◆ YOUR INSTRUCTIONS ◆
Find the line containing "তবে এতদিন পর্যন্ত" in the listing below; reproduce it and every line after, exactly. Skip pictures.

◆ PROVIDED INFORMATION ◆
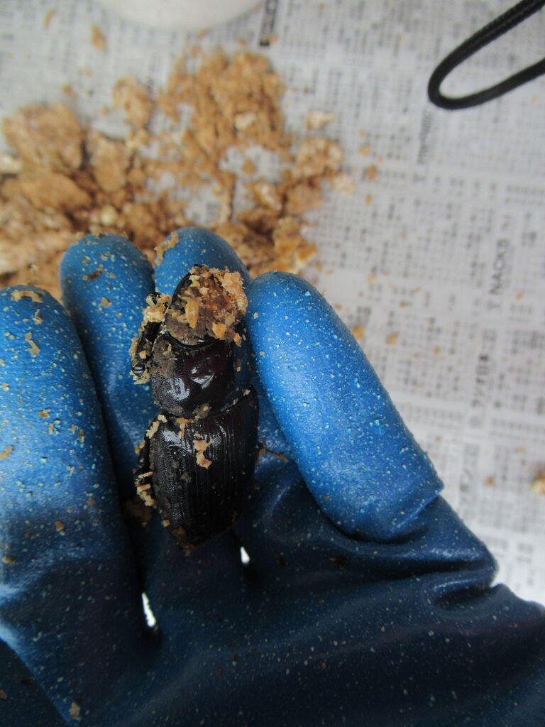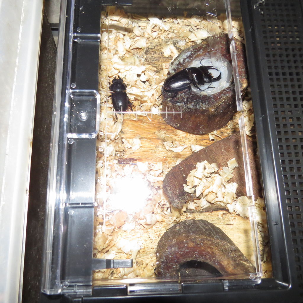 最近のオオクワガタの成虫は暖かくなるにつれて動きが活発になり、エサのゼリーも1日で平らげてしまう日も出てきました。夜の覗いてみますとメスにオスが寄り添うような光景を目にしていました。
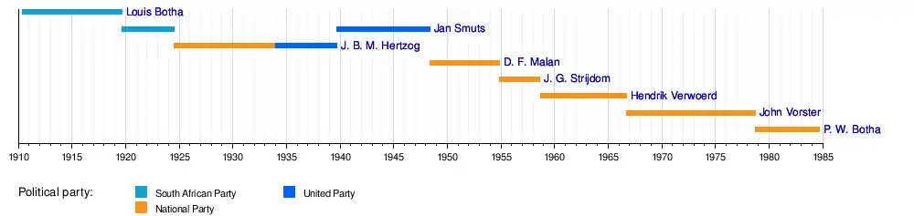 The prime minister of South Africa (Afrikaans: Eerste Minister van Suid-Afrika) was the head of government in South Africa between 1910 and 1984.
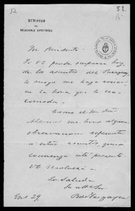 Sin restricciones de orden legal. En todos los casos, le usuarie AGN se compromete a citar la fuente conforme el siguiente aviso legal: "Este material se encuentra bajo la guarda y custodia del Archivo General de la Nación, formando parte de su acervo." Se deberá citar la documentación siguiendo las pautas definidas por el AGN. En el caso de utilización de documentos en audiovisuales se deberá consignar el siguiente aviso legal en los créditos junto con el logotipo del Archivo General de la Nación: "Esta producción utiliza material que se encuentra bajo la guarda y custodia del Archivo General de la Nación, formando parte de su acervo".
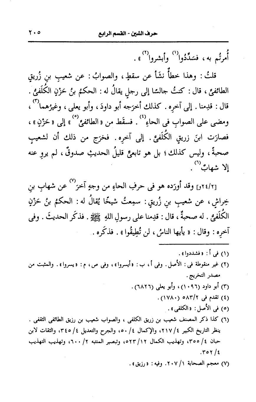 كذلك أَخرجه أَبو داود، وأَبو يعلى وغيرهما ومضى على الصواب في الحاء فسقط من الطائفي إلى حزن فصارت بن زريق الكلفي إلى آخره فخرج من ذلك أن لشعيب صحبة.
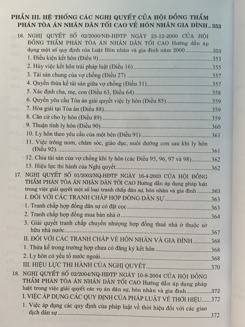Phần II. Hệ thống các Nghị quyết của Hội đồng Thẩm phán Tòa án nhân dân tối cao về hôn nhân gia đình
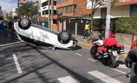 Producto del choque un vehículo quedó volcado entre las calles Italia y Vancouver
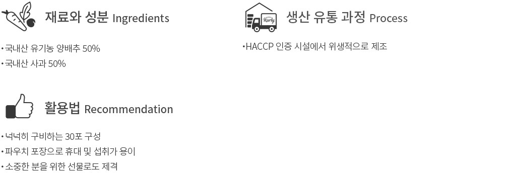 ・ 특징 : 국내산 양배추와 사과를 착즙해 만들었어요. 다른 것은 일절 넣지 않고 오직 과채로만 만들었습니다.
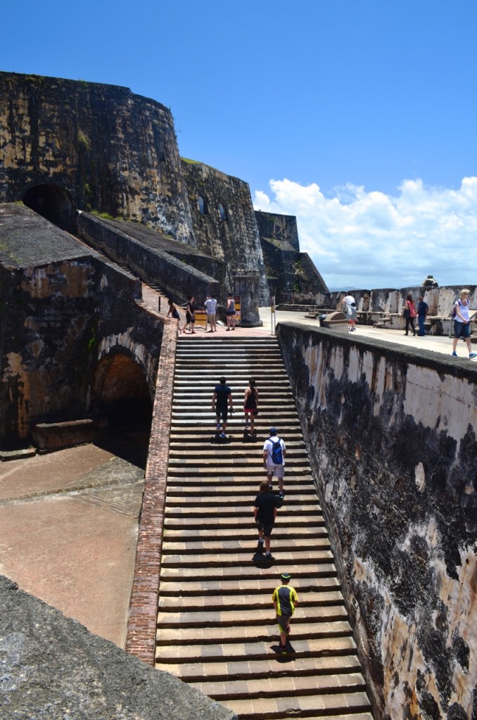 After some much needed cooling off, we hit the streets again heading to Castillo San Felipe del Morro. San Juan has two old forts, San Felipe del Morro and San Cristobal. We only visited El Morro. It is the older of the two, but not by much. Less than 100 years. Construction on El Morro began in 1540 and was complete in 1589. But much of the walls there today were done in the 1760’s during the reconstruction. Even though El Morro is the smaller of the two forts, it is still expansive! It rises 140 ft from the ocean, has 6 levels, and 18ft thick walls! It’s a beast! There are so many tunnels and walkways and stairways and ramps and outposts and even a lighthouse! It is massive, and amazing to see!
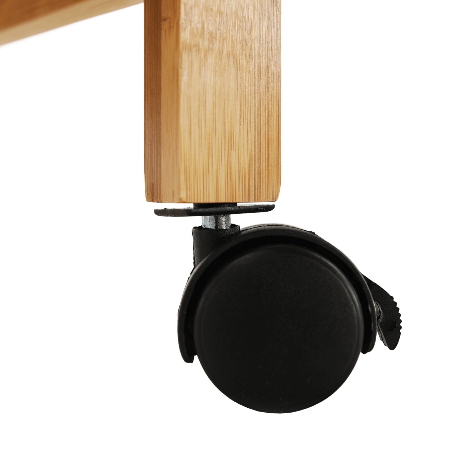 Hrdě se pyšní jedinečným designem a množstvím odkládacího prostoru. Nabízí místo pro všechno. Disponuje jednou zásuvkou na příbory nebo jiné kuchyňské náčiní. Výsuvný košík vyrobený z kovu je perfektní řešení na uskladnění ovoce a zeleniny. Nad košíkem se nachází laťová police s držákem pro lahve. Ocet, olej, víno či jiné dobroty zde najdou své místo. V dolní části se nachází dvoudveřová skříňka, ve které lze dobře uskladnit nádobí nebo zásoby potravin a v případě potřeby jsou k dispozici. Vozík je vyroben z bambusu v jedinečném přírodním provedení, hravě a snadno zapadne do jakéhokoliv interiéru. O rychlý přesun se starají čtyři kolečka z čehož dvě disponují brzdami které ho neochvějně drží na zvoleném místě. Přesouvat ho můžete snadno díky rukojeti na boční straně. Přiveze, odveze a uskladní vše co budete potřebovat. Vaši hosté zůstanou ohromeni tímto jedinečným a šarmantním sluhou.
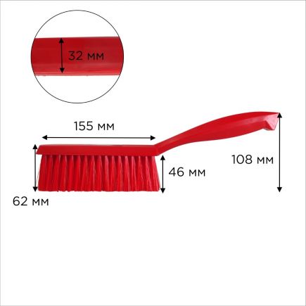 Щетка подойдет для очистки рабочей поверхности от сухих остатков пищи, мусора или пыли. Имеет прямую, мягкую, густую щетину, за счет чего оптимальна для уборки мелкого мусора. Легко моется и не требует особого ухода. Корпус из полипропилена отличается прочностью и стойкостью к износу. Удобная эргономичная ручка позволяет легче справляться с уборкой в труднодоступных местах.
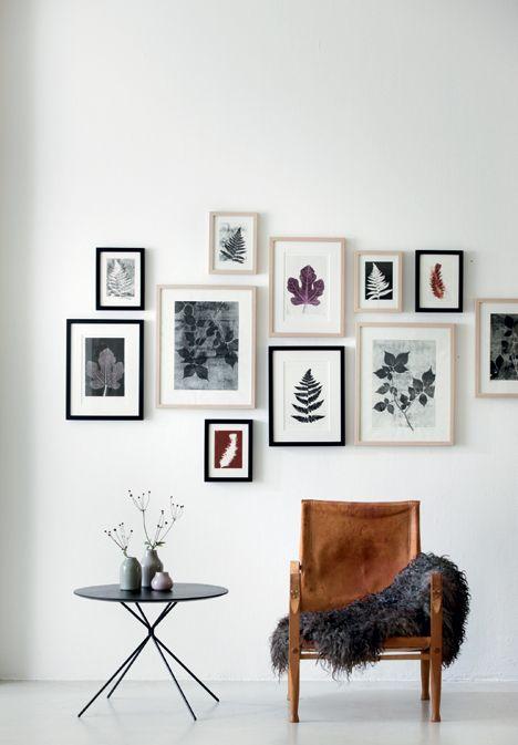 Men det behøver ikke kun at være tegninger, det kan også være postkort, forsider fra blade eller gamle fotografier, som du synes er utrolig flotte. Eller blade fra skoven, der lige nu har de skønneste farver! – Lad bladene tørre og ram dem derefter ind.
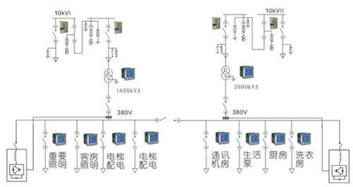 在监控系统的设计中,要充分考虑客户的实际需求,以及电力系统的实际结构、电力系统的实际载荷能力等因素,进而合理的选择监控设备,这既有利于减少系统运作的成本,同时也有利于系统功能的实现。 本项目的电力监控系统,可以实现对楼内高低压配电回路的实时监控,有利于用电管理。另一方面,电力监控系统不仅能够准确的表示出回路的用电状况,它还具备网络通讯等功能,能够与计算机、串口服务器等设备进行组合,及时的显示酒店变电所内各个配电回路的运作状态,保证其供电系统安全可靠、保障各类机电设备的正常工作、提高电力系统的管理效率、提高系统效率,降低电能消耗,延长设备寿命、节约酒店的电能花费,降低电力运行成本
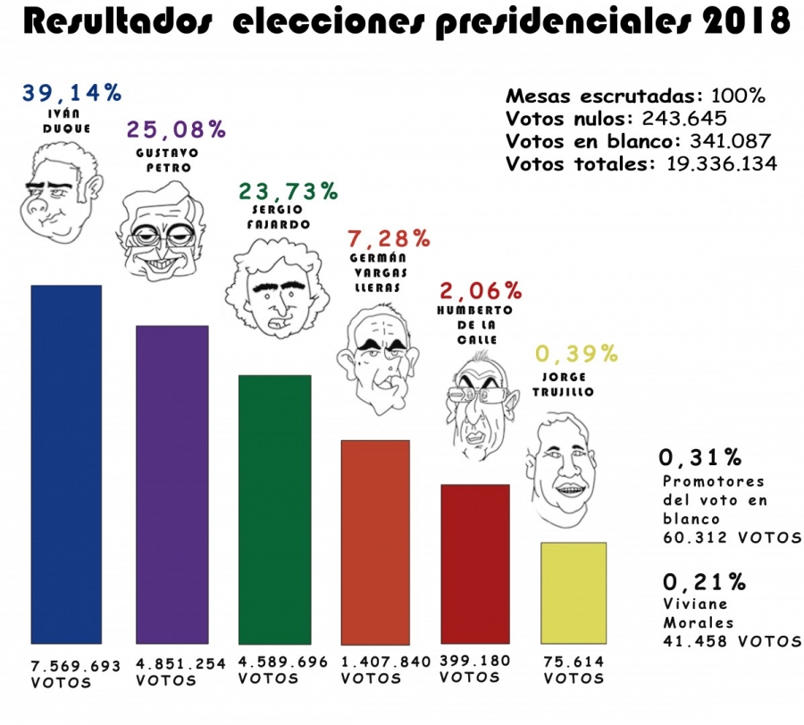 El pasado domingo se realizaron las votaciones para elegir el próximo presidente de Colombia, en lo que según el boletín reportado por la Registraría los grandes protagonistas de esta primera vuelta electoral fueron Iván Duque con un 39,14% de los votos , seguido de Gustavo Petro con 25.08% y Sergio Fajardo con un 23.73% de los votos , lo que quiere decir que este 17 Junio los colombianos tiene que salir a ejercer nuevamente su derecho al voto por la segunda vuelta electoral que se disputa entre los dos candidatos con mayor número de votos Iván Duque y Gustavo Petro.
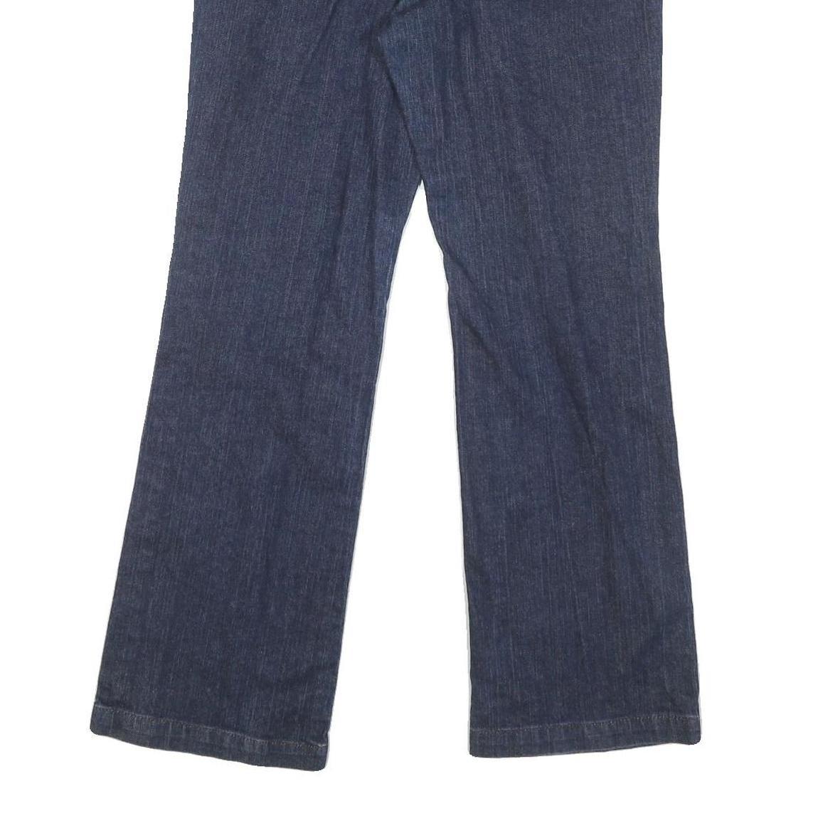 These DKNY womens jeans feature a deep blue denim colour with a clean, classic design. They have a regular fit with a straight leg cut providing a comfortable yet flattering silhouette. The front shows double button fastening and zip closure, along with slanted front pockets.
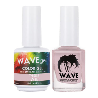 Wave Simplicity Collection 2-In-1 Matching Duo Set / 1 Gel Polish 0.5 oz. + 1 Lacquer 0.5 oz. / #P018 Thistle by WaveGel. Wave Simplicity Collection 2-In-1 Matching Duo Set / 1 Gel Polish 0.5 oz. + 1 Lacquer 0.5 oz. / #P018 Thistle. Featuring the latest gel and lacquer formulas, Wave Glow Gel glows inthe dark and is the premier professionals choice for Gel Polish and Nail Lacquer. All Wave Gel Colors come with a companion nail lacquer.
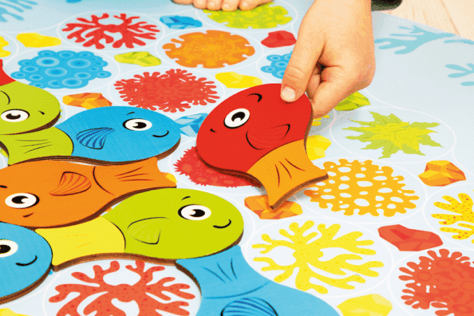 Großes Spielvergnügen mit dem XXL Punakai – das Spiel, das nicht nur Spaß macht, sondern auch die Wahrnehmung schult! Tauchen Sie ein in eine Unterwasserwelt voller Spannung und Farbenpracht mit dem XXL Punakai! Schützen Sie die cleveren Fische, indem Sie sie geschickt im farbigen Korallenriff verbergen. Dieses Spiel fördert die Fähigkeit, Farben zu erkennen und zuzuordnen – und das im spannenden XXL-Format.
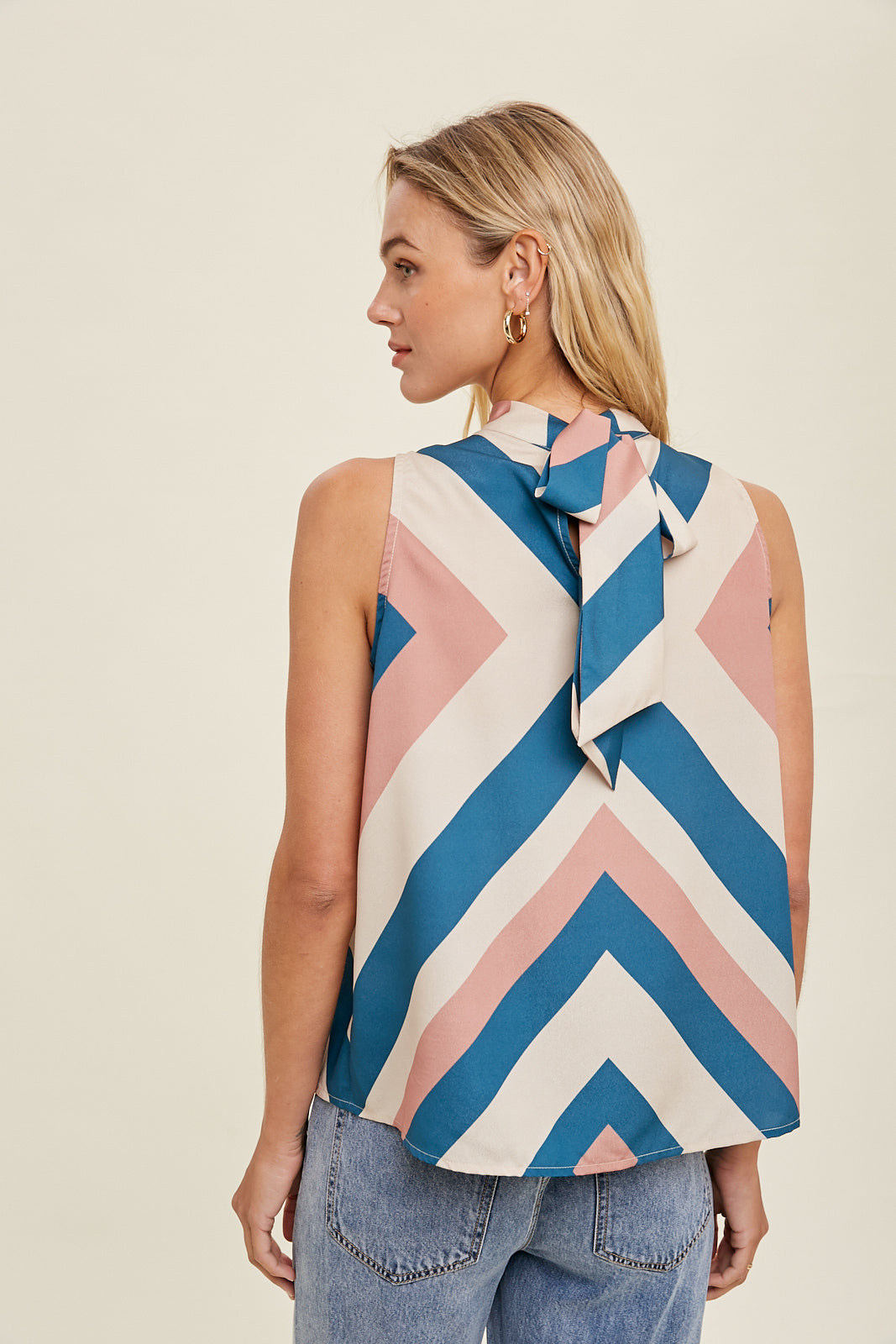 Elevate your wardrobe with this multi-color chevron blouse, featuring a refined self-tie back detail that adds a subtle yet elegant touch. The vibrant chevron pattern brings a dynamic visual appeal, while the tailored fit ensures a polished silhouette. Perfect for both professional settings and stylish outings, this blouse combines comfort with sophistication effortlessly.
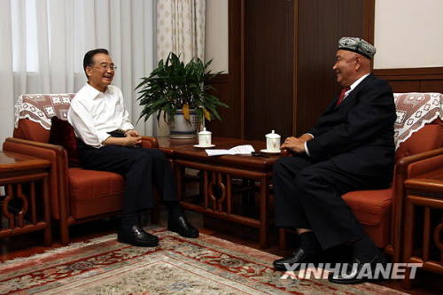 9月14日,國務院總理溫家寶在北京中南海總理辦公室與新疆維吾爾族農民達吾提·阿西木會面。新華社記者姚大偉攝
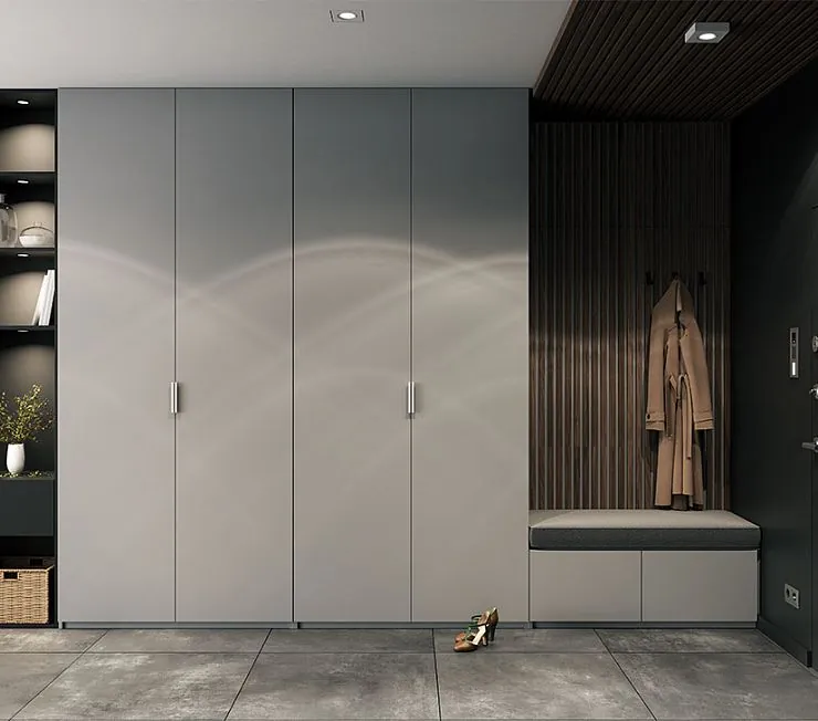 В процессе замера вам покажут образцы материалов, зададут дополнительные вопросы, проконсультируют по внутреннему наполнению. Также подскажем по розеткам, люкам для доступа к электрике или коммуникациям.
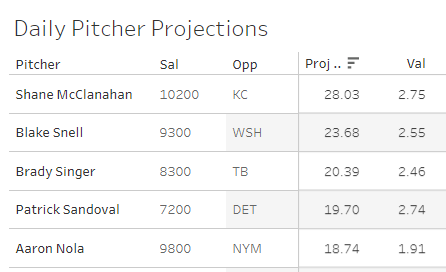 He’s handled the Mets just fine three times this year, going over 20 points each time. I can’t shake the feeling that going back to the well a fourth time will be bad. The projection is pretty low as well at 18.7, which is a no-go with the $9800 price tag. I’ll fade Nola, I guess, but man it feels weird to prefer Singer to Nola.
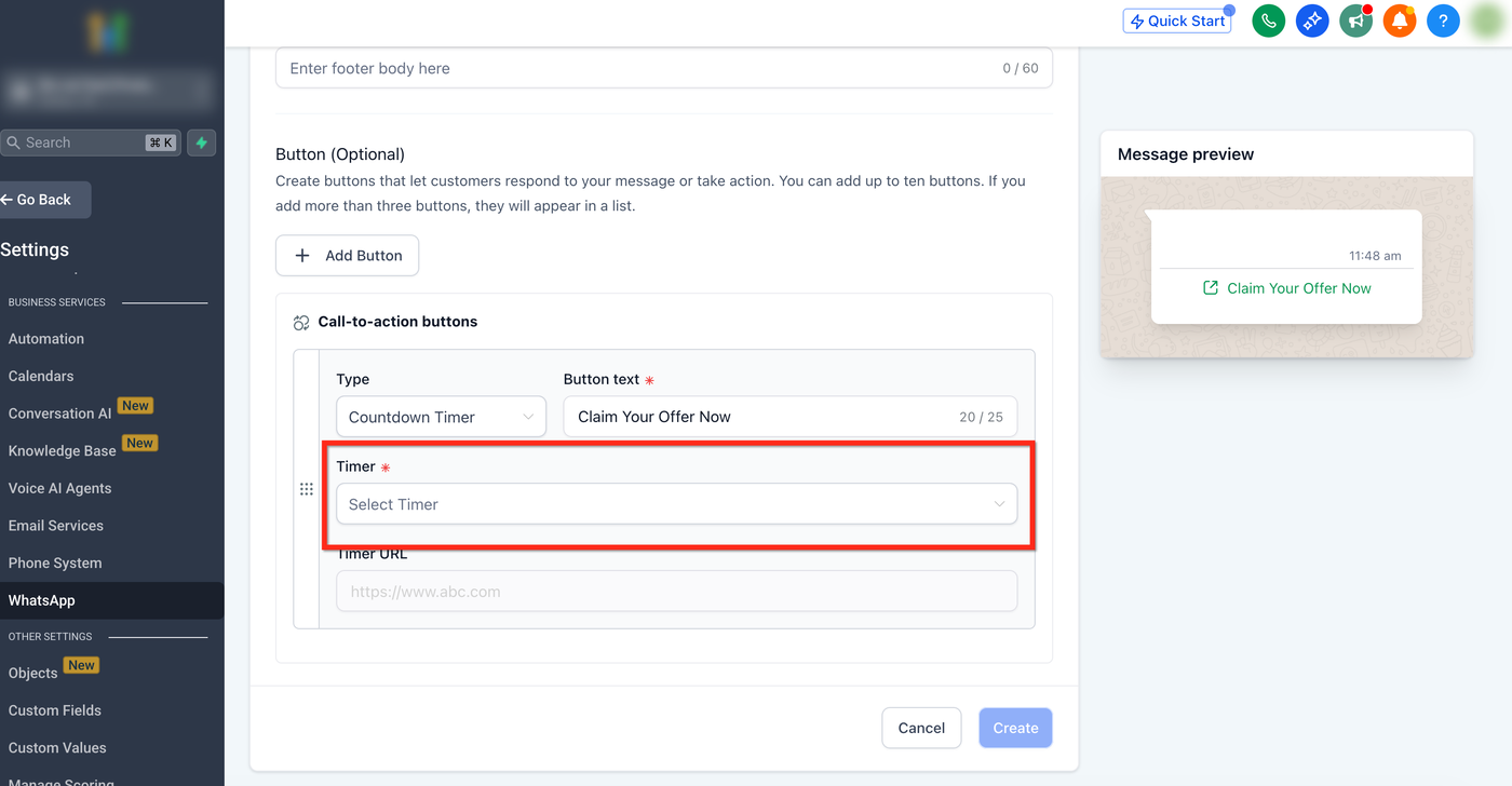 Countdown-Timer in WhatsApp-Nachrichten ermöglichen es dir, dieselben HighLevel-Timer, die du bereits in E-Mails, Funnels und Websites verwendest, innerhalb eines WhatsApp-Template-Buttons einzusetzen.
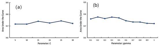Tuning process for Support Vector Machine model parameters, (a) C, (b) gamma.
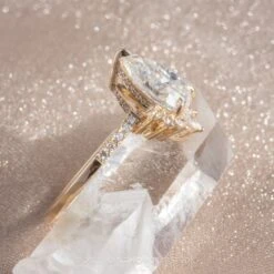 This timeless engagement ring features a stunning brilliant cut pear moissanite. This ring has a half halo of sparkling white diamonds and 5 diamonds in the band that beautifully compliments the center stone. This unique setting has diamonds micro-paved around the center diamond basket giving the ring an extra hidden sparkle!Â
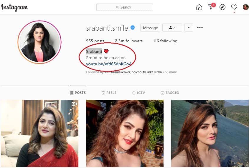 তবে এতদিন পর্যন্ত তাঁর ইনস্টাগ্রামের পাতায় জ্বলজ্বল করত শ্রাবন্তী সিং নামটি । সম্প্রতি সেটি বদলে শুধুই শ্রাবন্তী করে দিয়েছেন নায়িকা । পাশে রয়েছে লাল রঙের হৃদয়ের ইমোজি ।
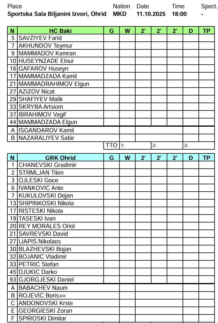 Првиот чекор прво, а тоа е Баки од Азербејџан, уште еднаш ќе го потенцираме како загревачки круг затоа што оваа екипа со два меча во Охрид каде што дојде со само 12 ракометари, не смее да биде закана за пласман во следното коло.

◆ SOLVED EXERCISE ◆
 তবে এতদিন পর্যন্ত তাঁর ইনস্টাগ্রামের পাতায় জ্বলজ্বল করত শ্রাবন্তী সিং নামটি । সম্প্রতি সেটি বদলে শুধুই শ্রাবন্তী করে দিয়েছেন নায়িকা । পাশে রয়েছে লাল রঙের হৃদয়ের ইমোজি ।
 Првиот чекор прво, а тоа е Баки од Азербејџан, уште еднаш ќе го потенцираме како загревачки круг затоа што оваа екипа со два меча во Охрид каде што дојде со само 12 ракометари, не смее да биде закана за пласман во следното коло.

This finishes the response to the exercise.